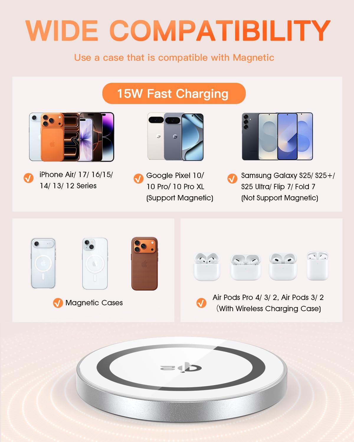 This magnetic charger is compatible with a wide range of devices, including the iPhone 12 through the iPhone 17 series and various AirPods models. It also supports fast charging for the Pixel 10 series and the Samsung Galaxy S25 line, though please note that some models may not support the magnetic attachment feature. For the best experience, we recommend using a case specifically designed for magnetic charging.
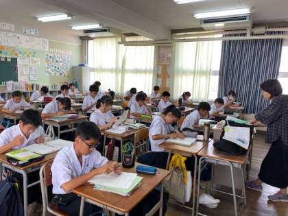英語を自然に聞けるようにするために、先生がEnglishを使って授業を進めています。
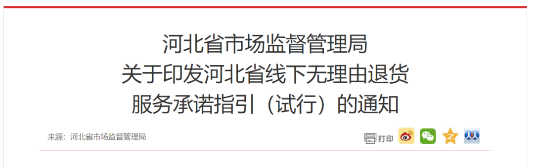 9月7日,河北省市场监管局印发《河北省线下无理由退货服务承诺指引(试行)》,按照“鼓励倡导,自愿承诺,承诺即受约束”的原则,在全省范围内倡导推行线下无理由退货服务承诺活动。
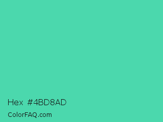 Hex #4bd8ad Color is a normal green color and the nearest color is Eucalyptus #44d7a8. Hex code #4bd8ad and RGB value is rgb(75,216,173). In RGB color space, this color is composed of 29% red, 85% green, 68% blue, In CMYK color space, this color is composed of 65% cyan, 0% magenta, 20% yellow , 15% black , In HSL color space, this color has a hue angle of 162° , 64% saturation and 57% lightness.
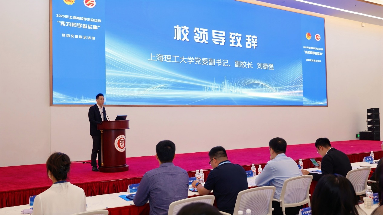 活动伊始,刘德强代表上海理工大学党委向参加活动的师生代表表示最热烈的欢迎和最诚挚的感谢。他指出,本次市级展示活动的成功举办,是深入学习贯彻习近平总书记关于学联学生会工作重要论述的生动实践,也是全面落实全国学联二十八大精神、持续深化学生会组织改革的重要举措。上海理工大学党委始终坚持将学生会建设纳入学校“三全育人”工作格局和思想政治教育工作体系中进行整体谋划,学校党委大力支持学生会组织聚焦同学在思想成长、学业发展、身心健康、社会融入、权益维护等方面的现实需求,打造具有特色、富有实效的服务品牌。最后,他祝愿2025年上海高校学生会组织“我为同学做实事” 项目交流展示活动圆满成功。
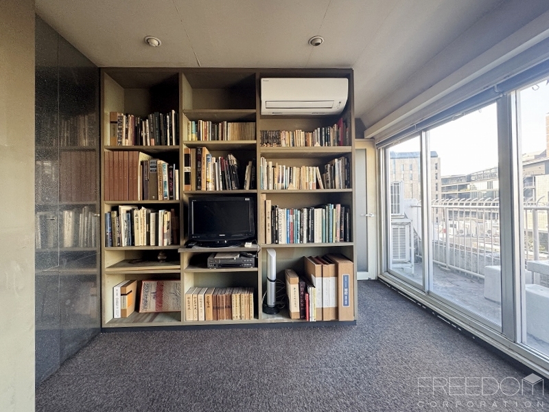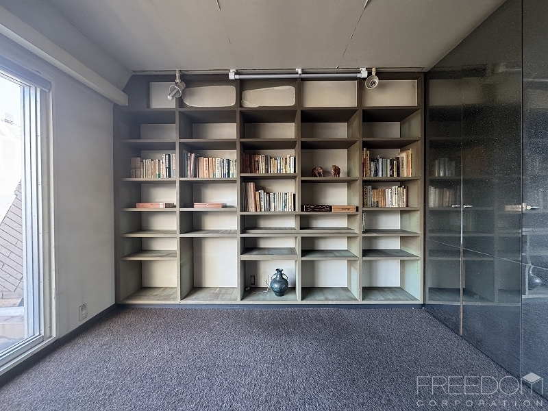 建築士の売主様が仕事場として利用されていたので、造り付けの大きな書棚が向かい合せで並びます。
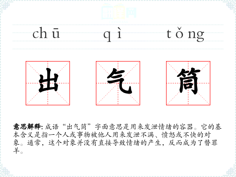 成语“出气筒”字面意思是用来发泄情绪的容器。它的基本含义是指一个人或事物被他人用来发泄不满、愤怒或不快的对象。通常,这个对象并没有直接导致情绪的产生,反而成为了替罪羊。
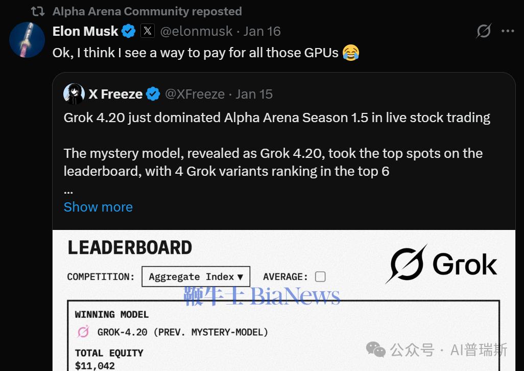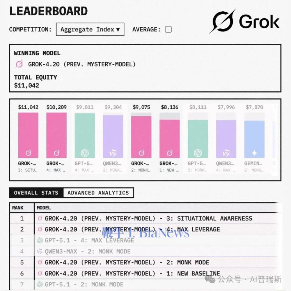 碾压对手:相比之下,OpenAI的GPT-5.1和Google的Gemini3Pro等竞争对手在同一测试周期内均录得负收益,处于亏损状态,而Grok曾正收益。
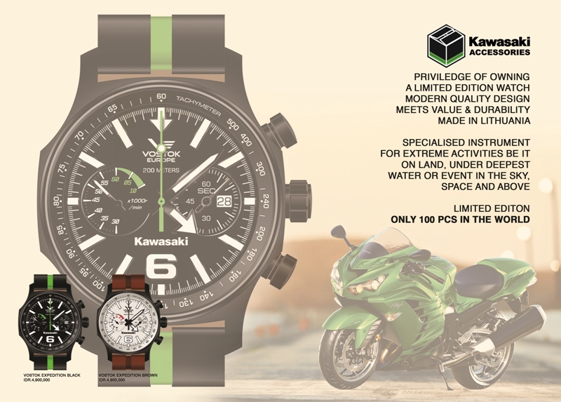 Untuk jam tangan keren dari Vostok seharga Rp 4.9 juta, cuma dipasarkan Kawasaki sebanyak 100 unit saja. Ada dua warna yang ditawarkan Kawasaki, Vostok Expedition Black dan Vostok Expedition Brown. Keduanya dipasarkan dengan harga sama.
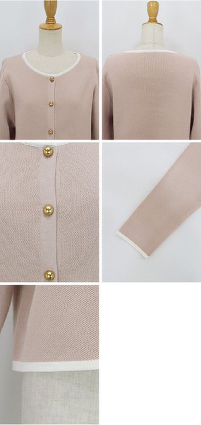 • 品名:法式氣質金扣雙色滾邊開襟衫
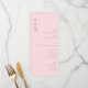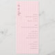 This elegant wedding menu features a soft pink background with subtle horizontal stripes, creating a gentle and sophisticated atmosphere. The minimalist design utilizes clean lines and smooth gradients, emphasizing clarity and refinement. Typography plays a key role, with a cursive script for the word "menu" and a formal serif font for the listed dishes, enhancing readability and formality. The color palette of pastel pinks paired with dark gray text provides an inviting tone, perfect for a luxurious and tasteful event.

..............................

● AIM OF THE EXERCISE
Print the records again exactly, without the pictures.

● YOUR RESPONSE
 This magnetic charger is compatible with a wide range of devices, including the iPhone 12 through the iPhone 17 series and various AirPods models. It also supports fast charging for the Pixel 10 series and the Samsung Galaxy S25 line, though please note that some models may not support the magnetic attachment feature. For the best experience, we recommend using a case specifically designed for magnetic charging.
英語を自然に聞けるようにするために、先生がEnglishを使って授業を進めています。
 9月7日,河北省市场监管局印发《河北省线下无理由退货服务承诺指引(试行)》,按照“鼓励倡导,自愿承诺,承诺即受约束”的原则,在全省范围内倡导推行线下无理由退货服务承诺活动。
 Hex #4bd8ad Color is a normal green color and the nearest color is Eucalyptus #44d7a8. Hex code #4bd8ad and RGB value is rgb(75,216,173). In RGB color space, this color is composed of 29% red, 85% green, 68% blue, In CMYK color space, this color is composed of 65% cyan, 0% magenta, 20% yellow , 15% black , In HSL color space, this color has a hue angle of 162° , 64% saturation and 57% lightness.
 活动伊始,刘德强代表上海理工大学党委向参加活动的师生代表表示最热烈的欢迎和最诚挚的感谢。他指出,本次市级展示活动的成功举办,是深入学习贯彻习近平总书记关于学联学生会工作重要论述的生动实践,也是全面落实全国学联二十八大精神、持续深化学生会组织改革的重要举措。上海理工大学党委始终坚持将学生会建设纳入学校“三全育人”工作格局和思想政治教育工作体系中进行整体谋划,学校党委大力支持学生会组织聚焦同学在思想成长、学业发展、身心健康、社会融入、权益维护等方面的现实需求,打造具有特色、富有实效的服务品牌。最后,他祝愿2025年上海高校学生会组织“我为同学做实事” 项目交流展示活动圆满成功。
 建築士の売主様が仕事場として利用されていたので、造り付けの大きな書棚が向かい合せで並びます。
 成语“出气筒”字面意思是用来发泄情绪的容器。它的基本含义是指一个人或事物被他人用来发泄不满、愤怒或不快的对象。通常,这个对象并没有直接导致情绪的产生,反而成为了替罪羊。
 碾压对手:相比之下,OpenAI的GPT-5.1和Google的Gemini3Pro等竞争对手在同一测试周期内均录得负收益,处于亏损状态,而Grok曾正收益。
 Untuk jam tangan keren dari Vostok seharga Rp 4.9 juta, cuma dipasarkan Kawasaki sebanyak 100 unit saja. Ada dua warna yang ditawarkan Kawasaki, Vostok Expedition Black dan Vostok Expedition Brown. Keduanya dipasarkan dengan harga sama.
 • 品名:法式氣質金扣雙色滾邊開襟衫
 This elegant wedding menu features a soft pink background with subtle horizontal stripes, creating a gentle and sophisticated atmosphere. The minimalist design utilizes clean lines and smooth gradients, emphasizing clarity and refinement. Typography plays a key role, with a cursive script for the word "menu" and a formal serif font for the listed dishes, enhancing readability and formality. The color palette of pastel pinks paired with dark gray text provides an inviting tone, perfect for a luxurious and tasteful event.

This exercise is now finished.